Before Canada’s new Anti-Spam Legislation (CASL) comes into force, businesses operating in Canada will need to review and modify their practices to ensure compliance with the new requirements regarding commercial electronic messages and the installation of computer programs. CASL will come into force in three stages over the next few years – the following is a brief summary of the main provisions of each stage.

Stage 1 (July 1, 2014): Commercial Electronic Messages (CEM) Provisions

Subject to meeting any of the prescribed exceptions, CASL creates a prohibition against sending CEM, except in cases where the receiver has consented to receiving CEM, and the CEM meets the prescribed requirements. There are certain situations in which consent may be implied. For instance, consent is implied where there is an “existing business relationship” as defined in CASL and its accompanying regulations. An example of a qualifying “existing business relationship” is one in which there has been a purchase or lease of a product or a service in the two years preceding the sending of the CEM.

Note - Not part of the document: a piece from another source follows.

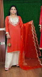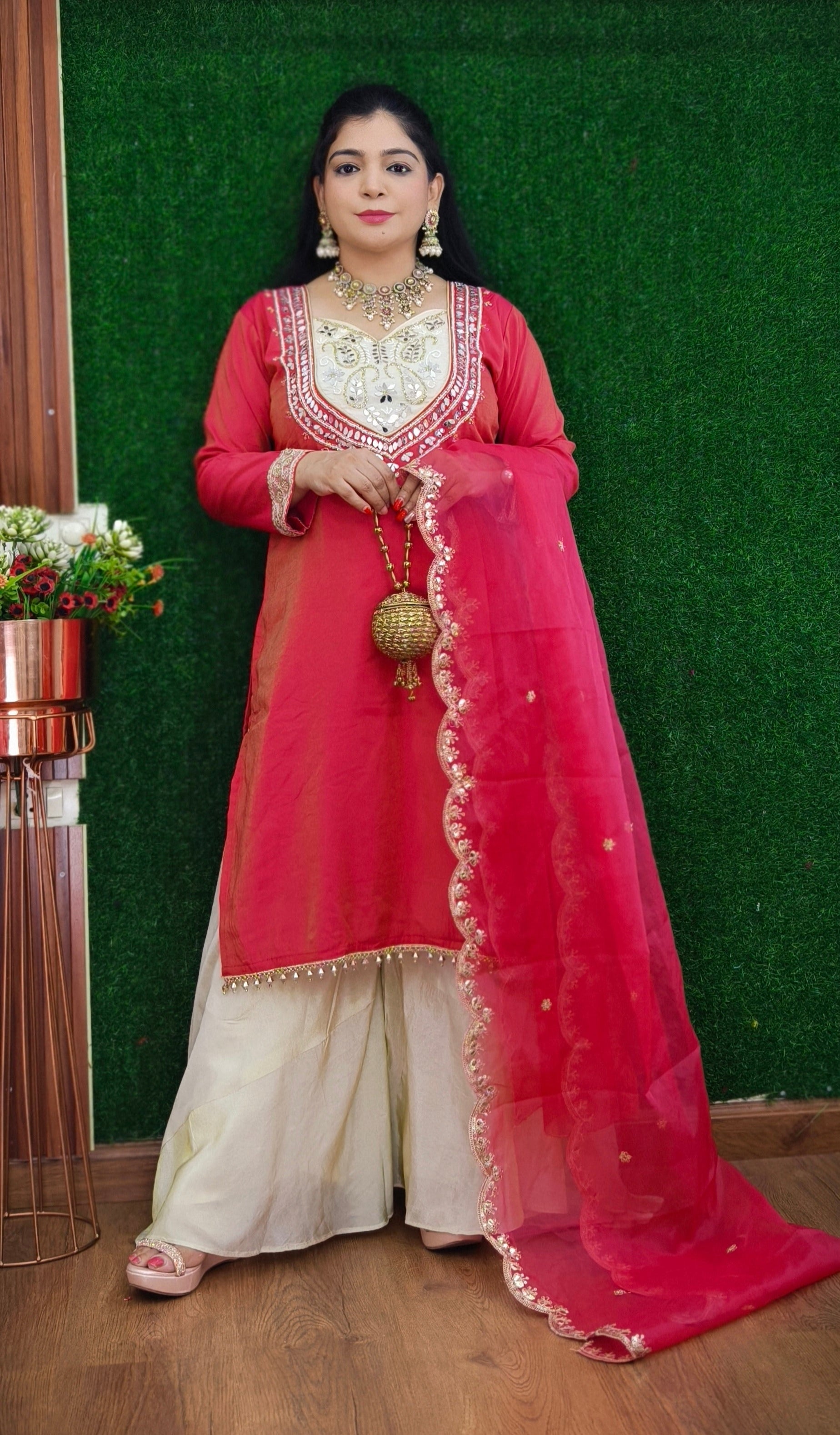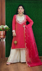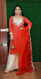 A must have RUST AND PINK PARTY WEAR TISSUE FABRIC SUIT WITH PLAZO in your wardrobe.Perfect for any occasion in this Summer Season

If an existing business relationship does not meet any of the conditions for implied consent, the business must seek express consent from intended recipients. A valid express consent must also meet certain prescribed requirements. For example, a business seeking consent must clearly convey that it is seeking consent to send CEM, and intended recipients must take an active step to indicate their consent to receiving such CEM. This means that standard business practices such as using opt-out mechanisms or implementing a pre-checked consent box will no longer be acceptable.

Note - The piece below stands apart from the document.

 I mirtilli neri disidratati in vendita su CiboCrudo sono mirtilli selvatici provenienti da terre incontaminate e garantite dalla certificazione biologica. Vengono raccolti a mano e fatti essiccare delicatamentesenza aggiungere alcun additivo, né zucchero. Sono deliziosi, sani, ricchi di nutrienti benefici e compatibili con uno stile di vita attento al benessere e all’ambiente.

CASL also specifies certain requirements regarding the form and content of CEM. Each CEM must: identify the sender; disclose the sender’s contact information (as prescribed); and provide a mechanism to allow the recipient to unsubscribe. The unsubscribe mechanism must allow the recipient of the CEM (at no cost to them) to indicate the withdrawal of their consent, and must include the contact information of the sender which must be valid for at least 60 days after the CEM is sent. A request to unsubscribe must be given effect in no more than 10 business days.

Stage 2 (January 15, 2015): Provisions Related to Installation of Computer Programs

CASL prohibits a business from installing certain categories of computer programs on computers belonging to other people, unless the business has obtained express consent from the persons on whose computers the programs are being installed. Additionally, businesses seeking to install computer programs must comply with certain requirements regarding the unsubscribe mechanism. For instance, businesses must provide the recipients of computer programs with an email address to which the recipients may send a request to remove or disable the programs. The email address must be valid for one year after the programs are installed. In cases where consent was obtained based on an inaccurate description of the applicable computer program, the business which installed it must assist in removing or disabling the program.

Stage 3 (July 1, 2017): Private Right of Action

CASL creates a private right of action that enables individuals to seek compensation from individuals and businesses that contravene the provisions. Individuals will be able to seek compensation for actual losses, damages and expenses incurred due to contraventions. It is expected that once these provisions are in force, class actions will soon follow.

Next Steps

As CASL’s three stages come into effect, businesses operating in Canada that are sending commercial electronic messages or installing computer programs should seek legal advice to ensure compliance. This summary is intended to highlight CASL’s key provisions, and in light of the nuances of CASL and its accompanying regulations, it is recommended that businesses obtain legal advice regarding compliance.